Here’s why the family wanted the video: To see if the farfetched explanation they were given for their son’s death – that he accidentally rolled himself up in a gym mat and died – was true, or whether foul play was involved.

Since Kendrick’s parents have an absolute right to see their own child’s FERPA records, it wasn’t his privacy that the school was worried about. The only other people recognizable on the video might be (1) students participating in phys-ed class, which is done in front of a gym-ful of people and isn’t the least bit confidential, or (2) potentially, people who had a hand in Kendrick’s death.

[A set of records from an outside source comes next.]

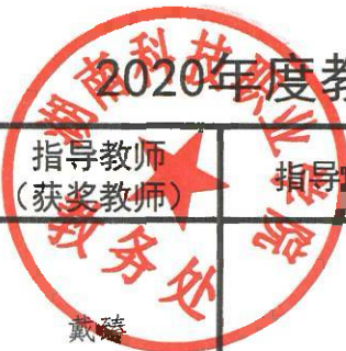
2020年度教师(含教师指导学生)参加其它竞赛获奖奖金统计汇总表
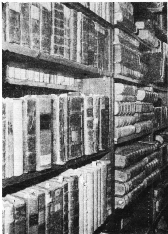
Dział Zbiorów Specjalnych — starodruki, magazyn.
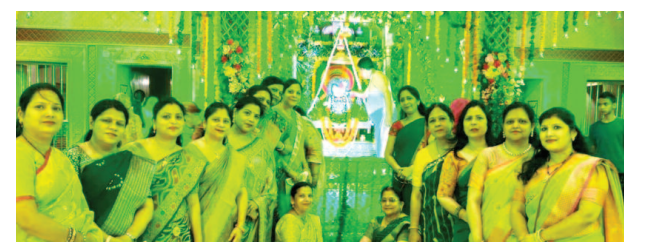
ठाकुर श्रीकेशव देव मंदिर में हरियाली तीज महोत्सव में खंडेलवाल महिला मंडल की महिलाएं।

यूनिक समय, मथुरा। प्राचीन मंदिर ठाकुर श्री केशव देव में खंडेलवाल महिला मंडल ने हरियाली तीज महोत्सव का आयोजन किया। महिलाओं ने भक्ति और संस्कृति का संगम प्रस्तुत किया।
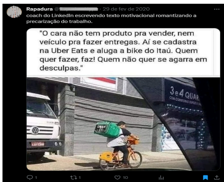
Figura 4 15

A partir da figura 4, podemos ter uma ideia da dispersão do discurso do coach profissional e sua relação com a racionalidade neoliberal, que defende a concepção de que basta querer que é possível “vencer” e a explícita tirania do mérito, evidenciada tanto na imagem quanto na frase: “quem quer fazer, faz! Quem não quer se agarra em desculpas”. A precarização das condições de trabalho é apresentada como esforço, dedicação, força de vontade. Vale destacar que essa captura de tela foi retirada de uma conta do twitter que está justamente fazendo uma crítica à postagem: “coach do linkedin escrevendo texto motivacional romantizando a precarização do trabalho”, indícios de uma possível contraconduta a tal discurso perverso.
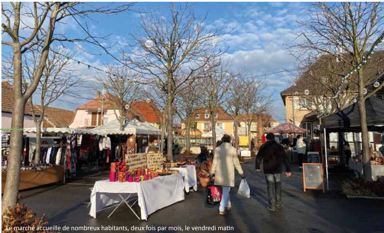
Le marché accueille de nombreux habitants, deux fois par mois, le vendredi matin
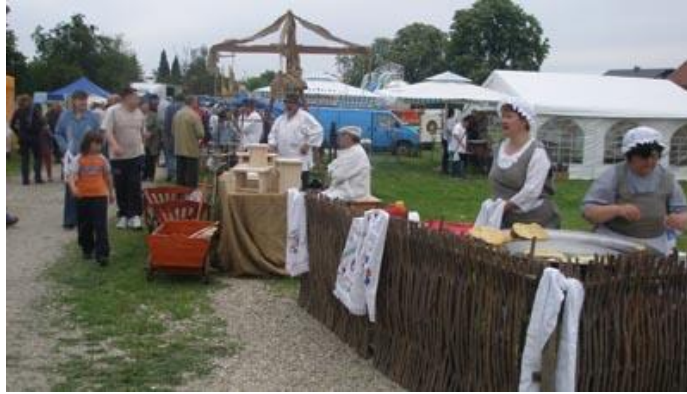
Slika 1. Sajmovi u Slavoniji danas
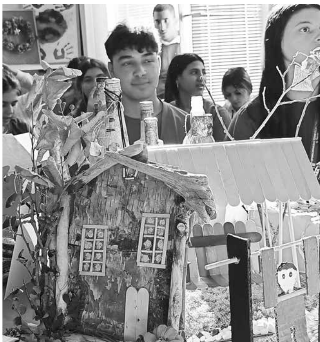
Къщичката – пано на 12 В клас

Специалната награда на журито отиде при бижутата от кора на портокал на 11А клас. След показаното всички в ПТГ са убедени, че рециклирането и креативността вървят ръка за ръка.
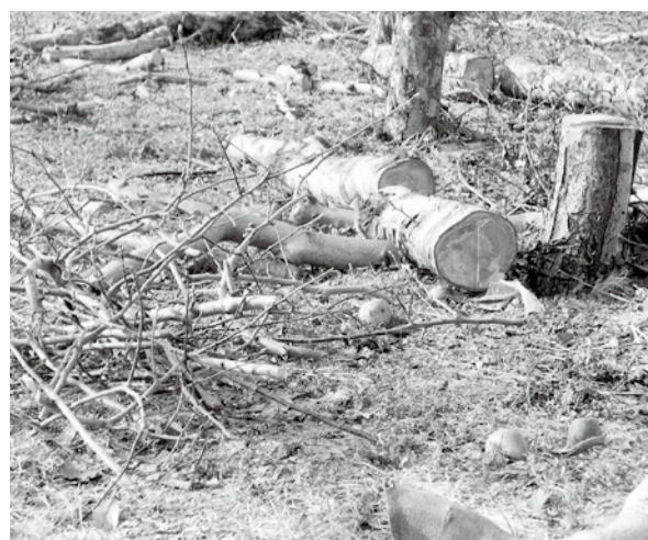
園地が廃園になる前に次の担い手へ、円滑に引き継ぎ、産地維持を
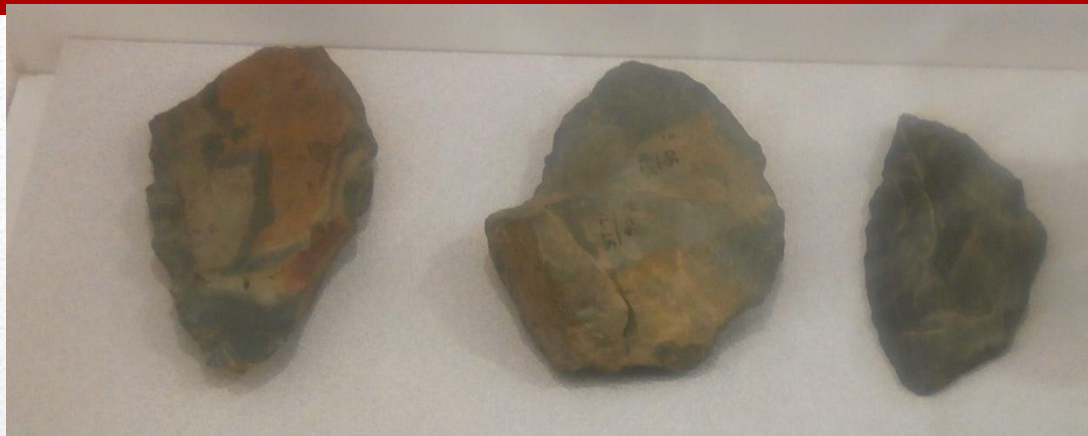
Остроконечники из яшмы
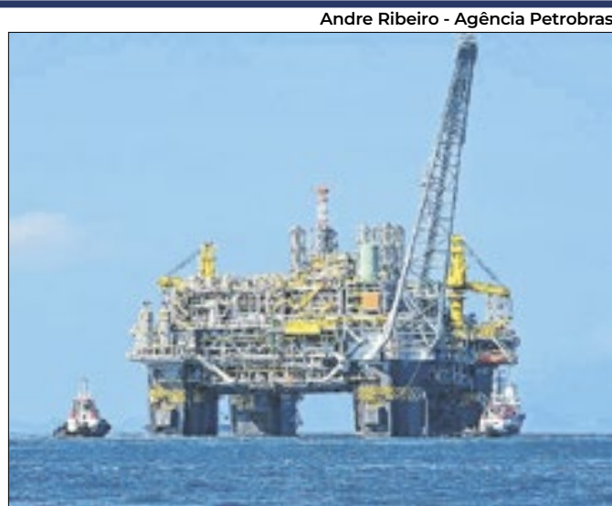
Andre Ribeiro - Agência Petrobras

Descoberta reforça meta de autossuficiência do setor
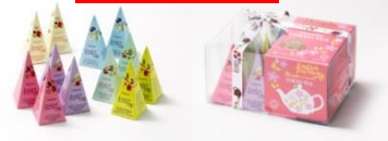
ORGANIC TOKYO TEA (ビーブルバイコスメキッチン /グランスタ丸の内)
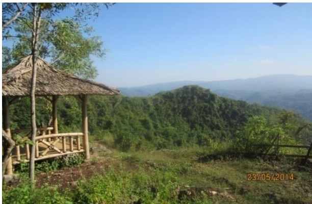
Gambar 1. Obyek Wisata Watu Payung

(seperti ditunjukkan pada Gambar 1) perlu dikelola secara serius karena merupakan salah satu dari tiga belas geosite (lokasi) di Gunungkidul yang merupakan bagian dari rencana pengembangan Global Geopark tiga kabupaten (Pacitan, Gunungkidul dan Wonogiri).
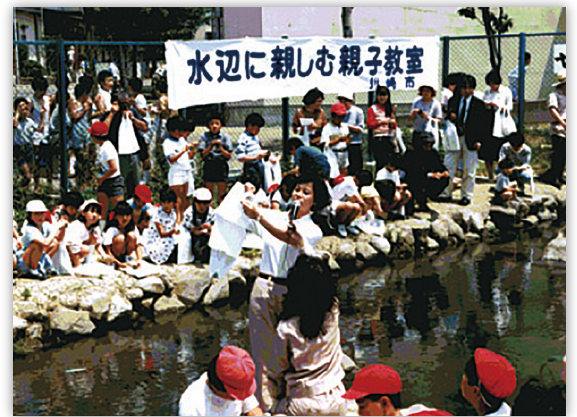
水辺に親しむ親子教室
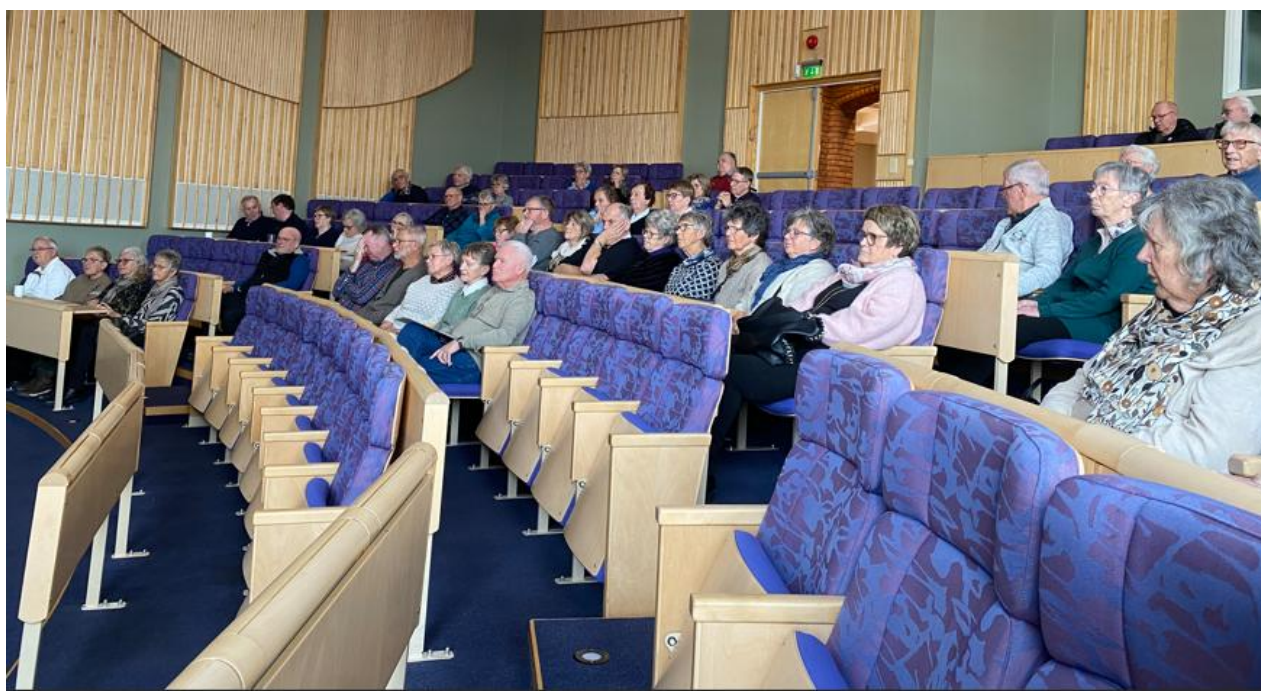
Bilde fra årsmøte på Honne
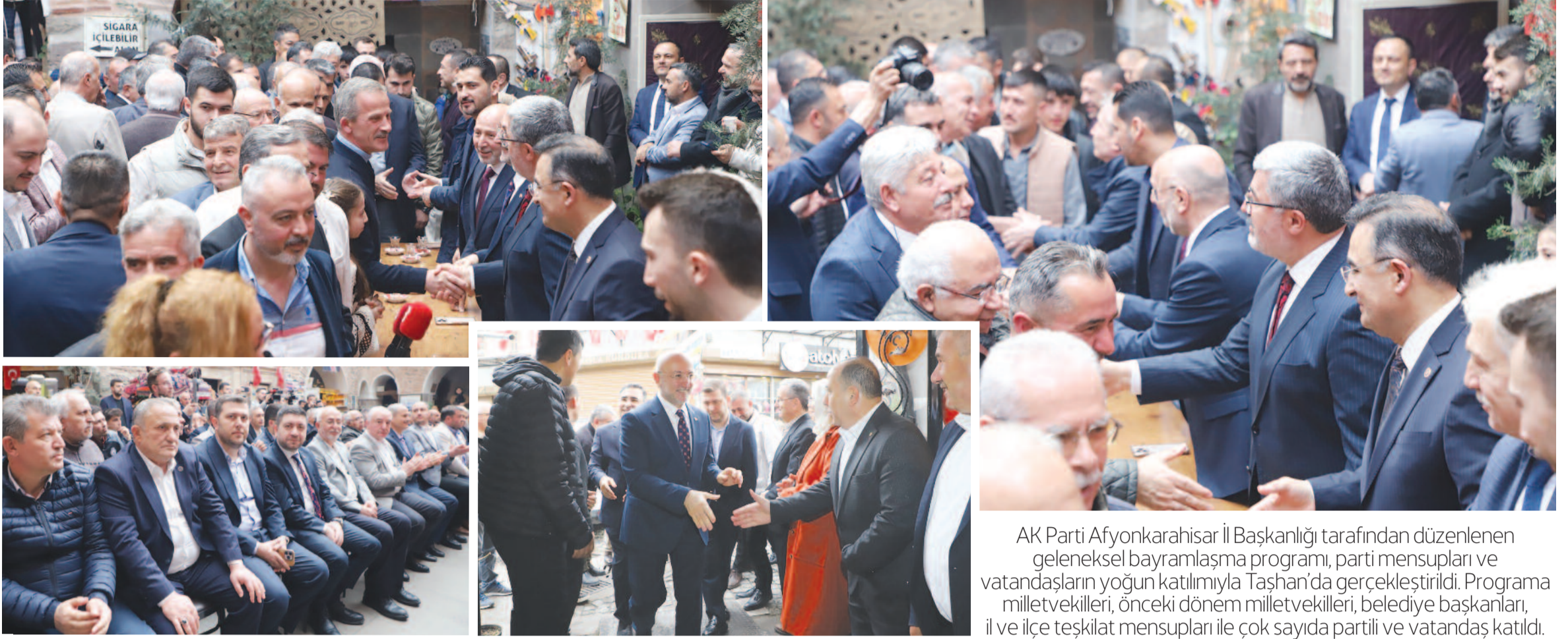
AK Parti Afyonkarahisar İl Başkanlığı tarafından düzenlenen geleneksel bayramlaşma programı, parti mensupları ve vatandaşların yoğun katılımıyla Taşhan'da gerçekleştirildi. Programa milletvekilleri, önceki dönem milletvekilleri, belediye başkanları, il ve ilçe teşkilat mensupları ile çok sayıda partili ve vatandaş katıldı.
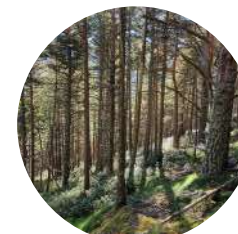
Bosc del Castell

If those people feel like filing a FERPA privacy complaint with the U.S. Department of Education, they should have 20-years-to-life to do it.

Leaving aside the fact that a surveillance video isn’t a FERPA education record to begin with (as a New York court has already held in a similar case), there’s a recognized FERPA exception when release is necessary in furtherance of public safety. Wild guess, but “finding out whether a murderer is killing students on campus” is probably what the Department of Education had in mind when it created the “public safety” exception.

Putting FERPA ahead of the needs of a grieving family – and the need to reassure the public that a killer isn’t loose in the school – ought to disqualify you from any future workplace without a drive-thru window. Congratulations to the Lowndes County School District, for the most reprehensible misuse of FERPA of 2013 – or maybe ever.